一個大腳的少婦揹著個兩三歲的小娃娃,手臂上還挽著個大包袱,順著黃土大道艱難的向前走著,這少婦好不容易來到了攔路盤詢的關卡前,剛一放下那小娃娃,小娃娃便鬨騰起來,指著排在她們前邊一個漢子手裡的燒餅。

“媽媽,我肚子餓,要吃餅餅……”

“乖,餅餅不好吃,我這裡還有饅頭,吃饅頭好不好?”

這小娃娃委屈的看著那漢子手裡的餅,哭著叫道:“媽媽,吃完餅餅,我自己走路……”

“忍住,不許哭……”少婦緊緊咬著牙,臉色蒼白的掏出一個饅頭,掰了一小塊塞到了那個小娃娃的嘴裡,“狗娃快吃,吃完了就自己走,不許耍賴。”

少婦再抬起頭來,忽然發現遠處的那隊邊軍之中,有一個熟悉的人影。少婦顧不得許多,一下子抱起狗娃,衝著遠處拚命揮手。

“李元青、李元青……”

李元青正揹著籮筐,遠遠聽見有人喊他名字,轉過頭看了一眼,立刻呆住了。

他丟下籮筐,拚命的向那對母女跑去……

一家人總算是團聚了,晚舟夕照,夕陽黃昏,看著千裡迢迢給自己來送衣裳的江小舟,李元青心裡又是難過又是感動,原來,小舟為了帶狗娃來見自己,將自己的嫁妝都當成了盤纏,她捨不得坐客船來京城,便趁著漕運的糧船,一路從杭州到了通州,再一路打聽,沿著陸路來了此地,其途中的辛苦實在是一言難儘。
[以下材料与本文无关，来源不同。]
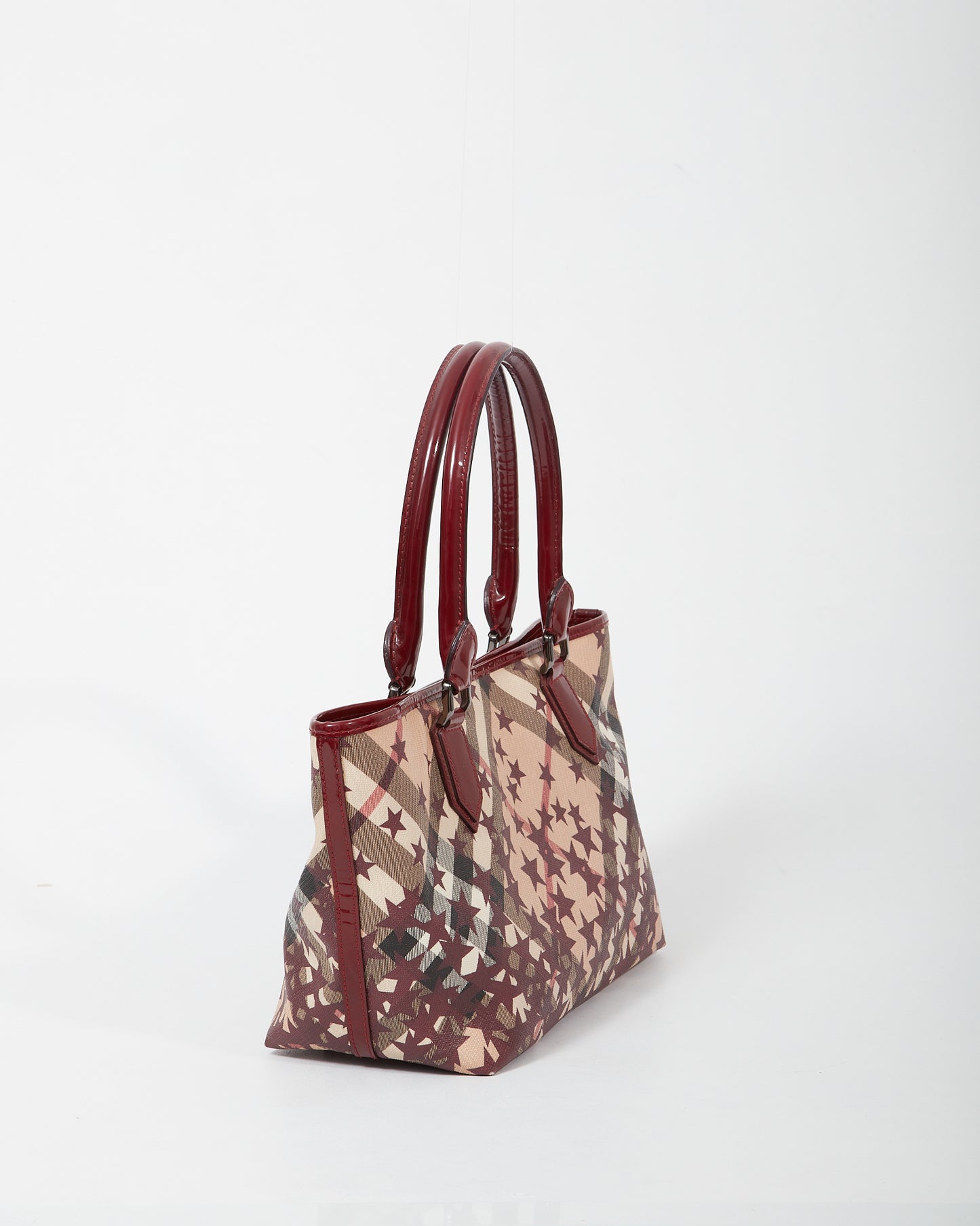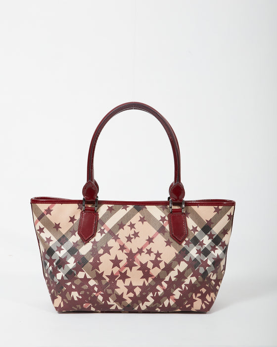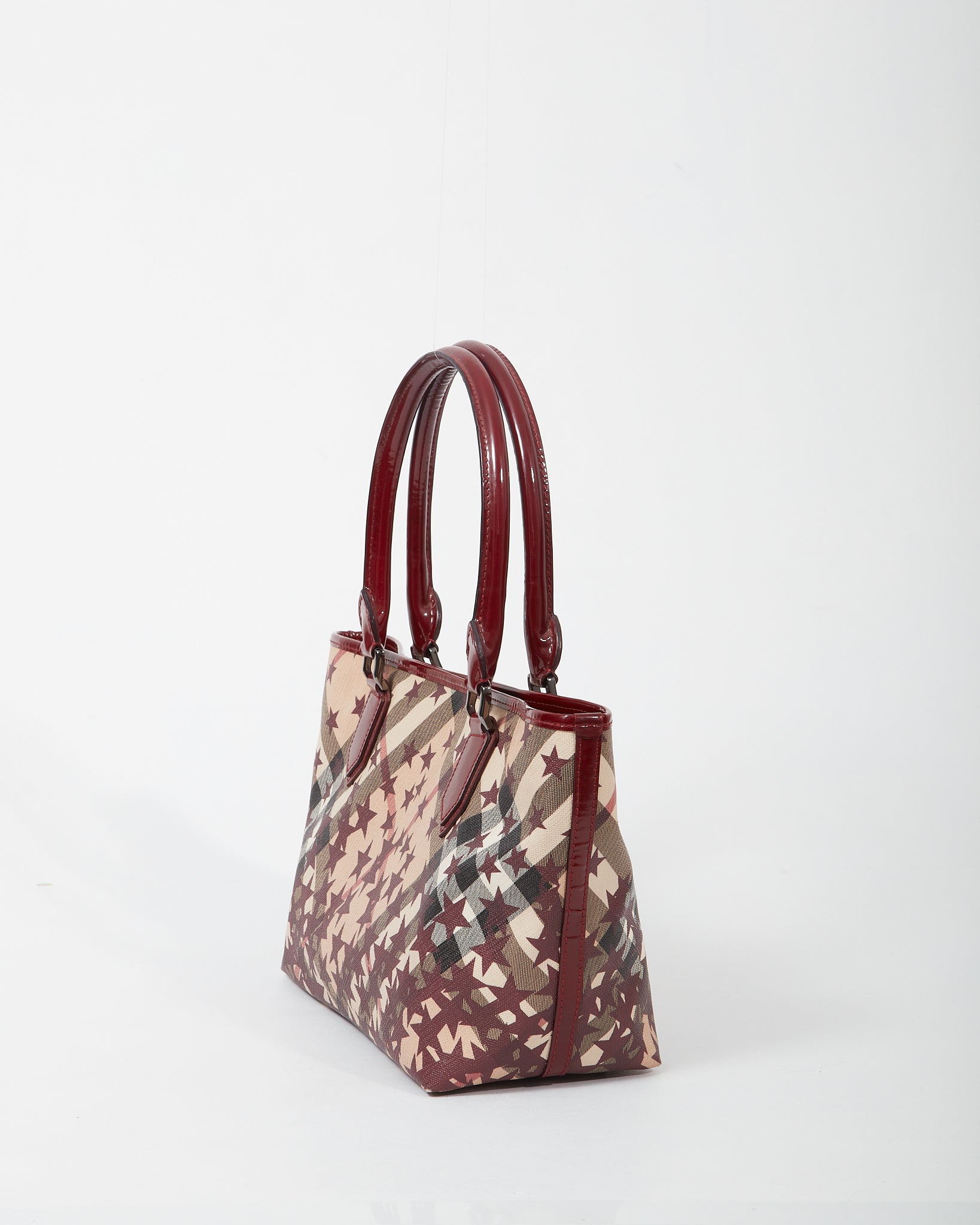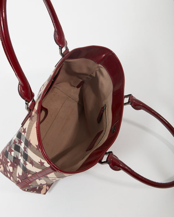 Burgundy/Beige Coated Canvas & Patent Leather Star Tote Bag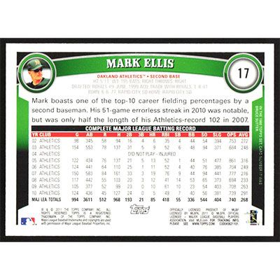 This is a 2011 Topps Diamond Anniversary Mark Ellis baseball card. The card is #17 and pictures show condition.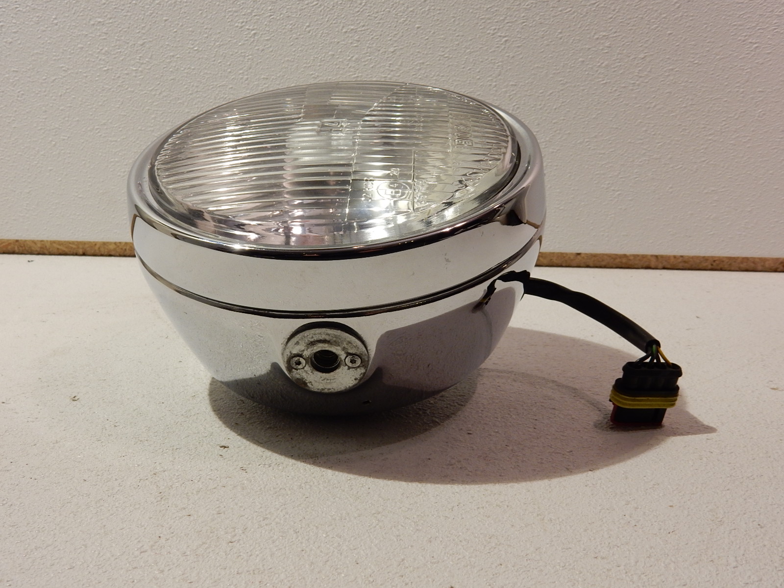 Koplamp 180mm voor Moto Guzzi California EV en Centauro. GU02740501. klein gaatje voor draad in achterkant. Small hole at the back.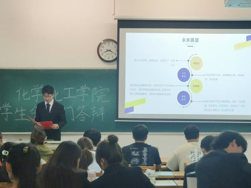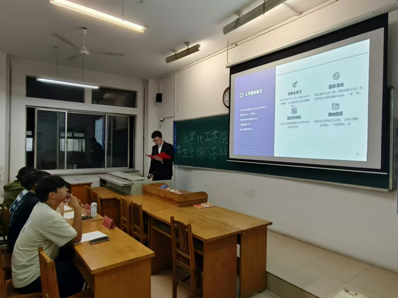 为加强学生会组织建设、提高学生会成员工作能力、建立健全考核机制、打造高素质学生骨干队伍、促进学生会全面发展,9月5日晚上,化学化工学院学生会部门述职答辩于13教426教室召开。魏飞老师、学生会主席团成员及各部门负责人参加会议。

這時候,李元青見狗娃怯生生的看著自己,心裡一酸,衝她伸出雙手:“過來呀,狗娃彆怕,讓爸爸好好看看你。”

狗娃紅著個臉:“媽媽說,不要相信陌生人。”

“狗娃呀,這是你的爸爸,親爸爸呀,他不是陌生人!”

李元青有些哭笑不得:“小舟,她怎麼還叫狗娃?”

“這個名字不好麼?她很喜歡呀。”

李元青看了眼狗娃,幾個月前他離開家的時候,狗娃還不會說話,這小孩子長起來可真快,一轉眼就能咿呀咿呀說話了,真不知道小舟帶這狗娃吃了多少苦。

“你們母女跟著我吃苦了,我想呀,給她起個大名吧,好聽一些的。”

“那你肚子裡墨水多,就給她起一個唄。”

“嗯,人生一世、草生一春,來如風雨、去似微塵,你對我有救命之恩,我便給你留下個念想,不如就叫……”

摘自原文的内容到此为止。